Assignment → Give again, word for word, the lines below that run from the line with "stronie łóżka |" through the line with "Oficial: nuestro país". Drop the pictures.

Listed records →
.....
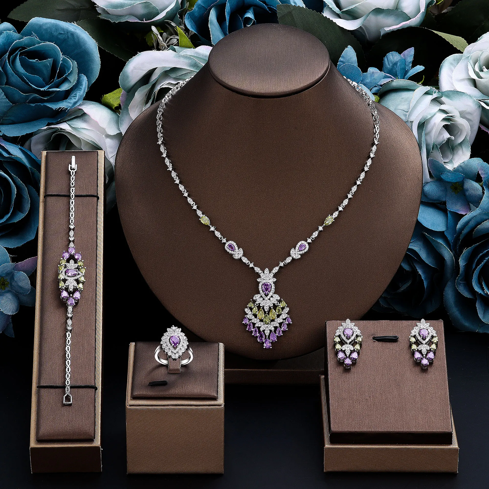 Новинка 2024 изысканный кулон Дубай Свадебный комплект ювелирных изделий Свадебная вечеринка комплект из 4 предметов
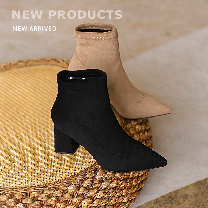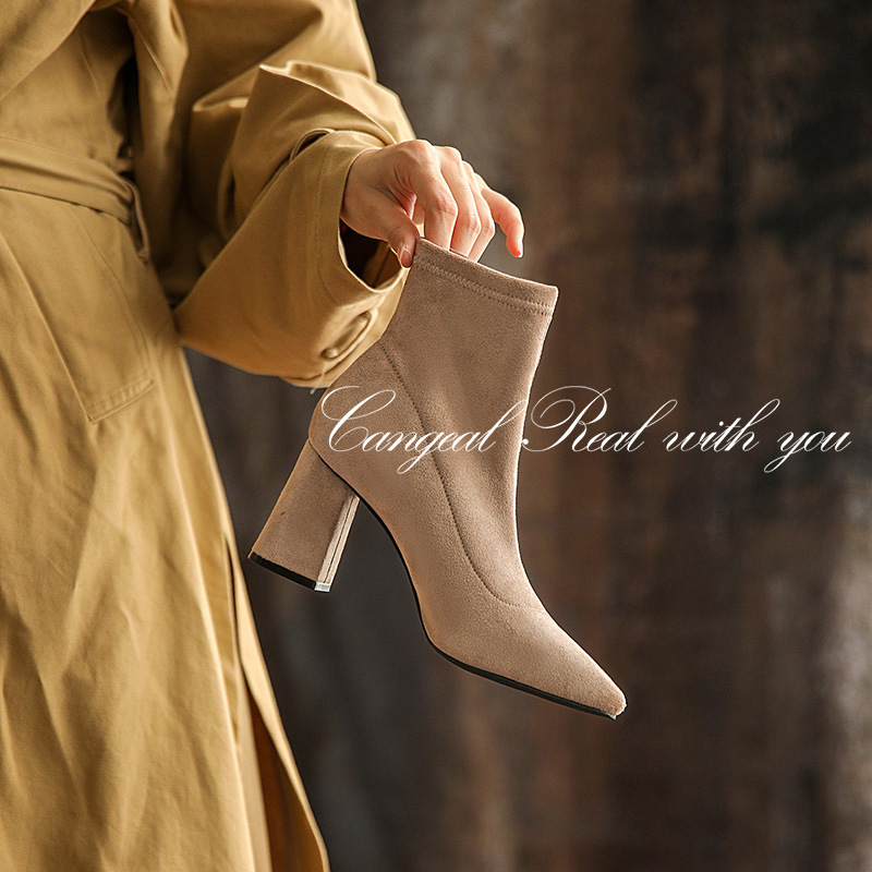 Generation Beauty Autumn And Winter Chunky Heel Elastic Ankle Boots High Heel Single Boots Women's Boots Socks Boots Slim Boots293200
.....
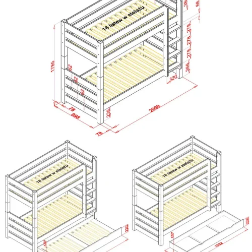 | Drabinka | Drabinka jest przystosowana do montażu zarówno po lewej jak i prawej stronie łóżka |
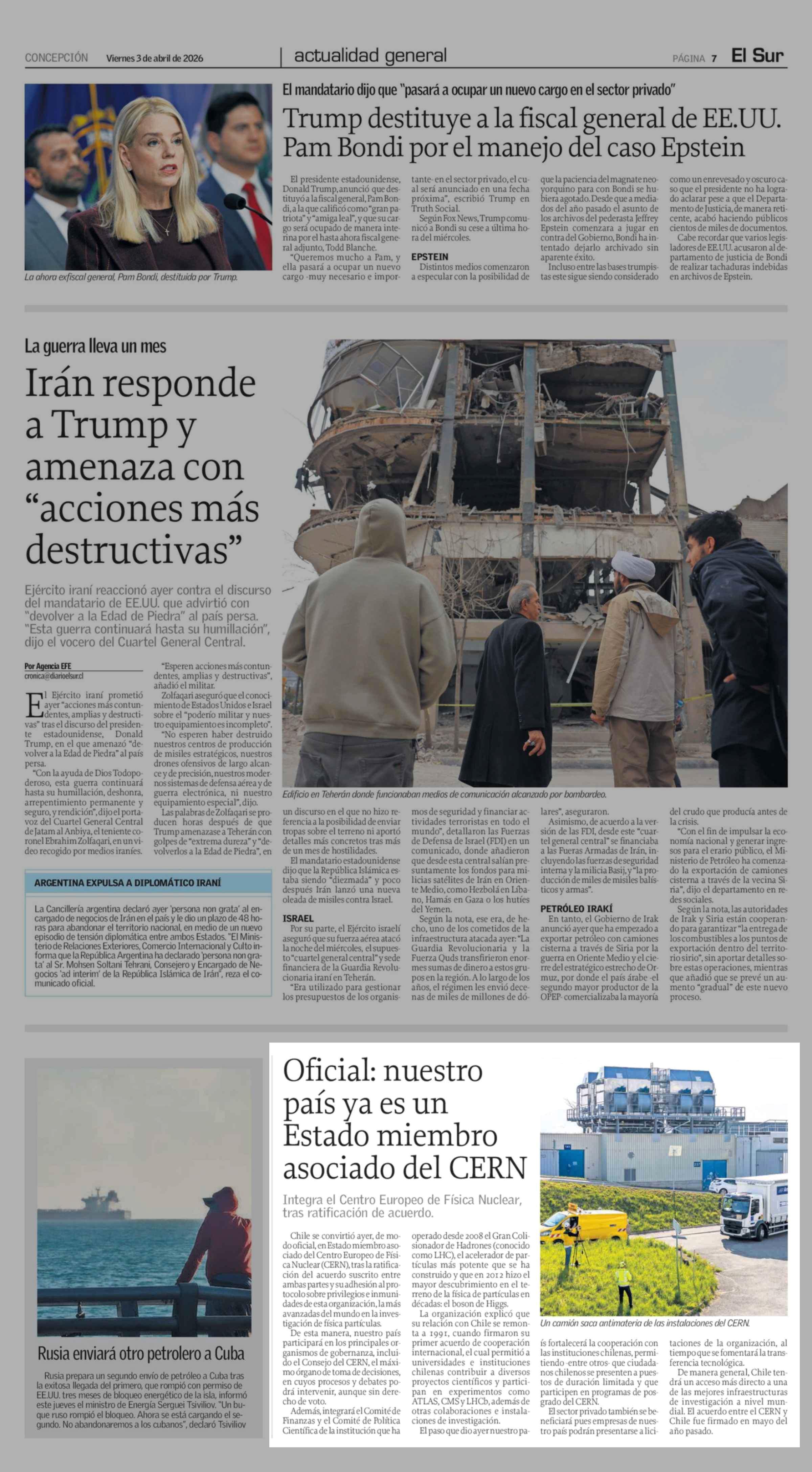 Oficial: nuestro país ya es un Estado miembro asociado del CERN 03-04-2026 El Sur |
.....
Response for this exercise →
 | Drabinka | Drabinka jest przystosowana do montażu zarówno po lewej jak i prawej stronie łóżka |
 Oficial: nuestro país ya es un Estado miembro asociado del CERN 03-04-2026 El Sur |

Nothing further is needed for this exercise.